Please give the lines below again exactly as they stand, from the one that contains "BALIKESİR: Son yıllardaki" up to and including the one that contains "Correlation between the", leaving all pictures out.

• [Exercise material]
○ ○ ○ ○ ○
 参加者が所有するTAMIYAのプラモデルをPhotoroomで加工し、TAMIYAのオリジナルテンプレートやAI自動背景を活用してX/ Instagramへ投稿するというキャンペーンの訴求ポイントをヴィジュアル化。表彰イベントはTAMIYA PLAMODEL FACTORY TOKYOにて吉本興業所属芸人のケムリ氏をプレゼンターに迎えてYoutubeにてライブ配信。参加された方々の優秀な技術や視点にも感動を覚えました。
○ ○ ○ ○ ○
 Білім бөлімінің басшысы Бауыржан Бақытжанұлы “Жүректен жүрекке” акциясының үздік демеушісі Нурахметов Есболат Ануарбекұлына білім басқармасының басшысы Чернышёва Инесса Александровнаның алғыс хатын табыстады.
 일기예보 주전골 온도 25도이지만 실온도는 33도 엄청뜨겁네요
○ ○ ○ ○ ○
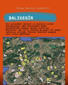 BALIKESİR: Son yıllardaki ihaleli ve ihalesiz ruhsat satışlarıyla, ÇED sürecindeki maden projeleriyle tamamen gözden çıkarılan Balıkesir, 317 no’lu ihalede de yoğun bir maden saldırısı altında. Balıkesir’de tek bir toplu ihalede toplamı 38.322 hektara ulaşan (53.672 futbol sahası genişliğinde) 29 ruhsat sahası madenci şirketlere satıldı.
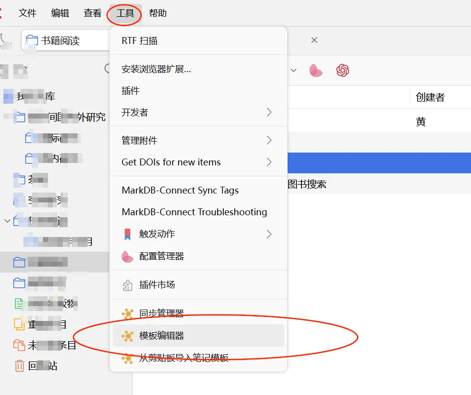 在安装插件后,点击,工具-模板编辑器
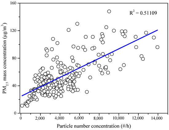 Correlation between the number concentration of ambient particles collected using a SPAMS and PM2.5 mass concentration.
○ ○ ○ ○ ○
• [The answer]
 BALIKESİR: Son yıllardaki ihaleli ve ihalesiz ruhsat satışlarıyla, ÇED sürecindeki maden projeleriyle tamamen gözden çıkarılan Balıkesir, 317 no’lu ihalede de yoğun bir maden saldırısı altında. Balıkesir’de tek bir toplu ihalede toplamı 38.322 hektara ulaşan (53.672 futbol sahası genişliğinde) 29 ruhsat sahası madenci şirketlere satıldı.
 在安装插件后,点击,工具-模板编辑器
 Correlation between the number concentration of ambient particles collected using a SPAMS and PM2.5 mass concentration.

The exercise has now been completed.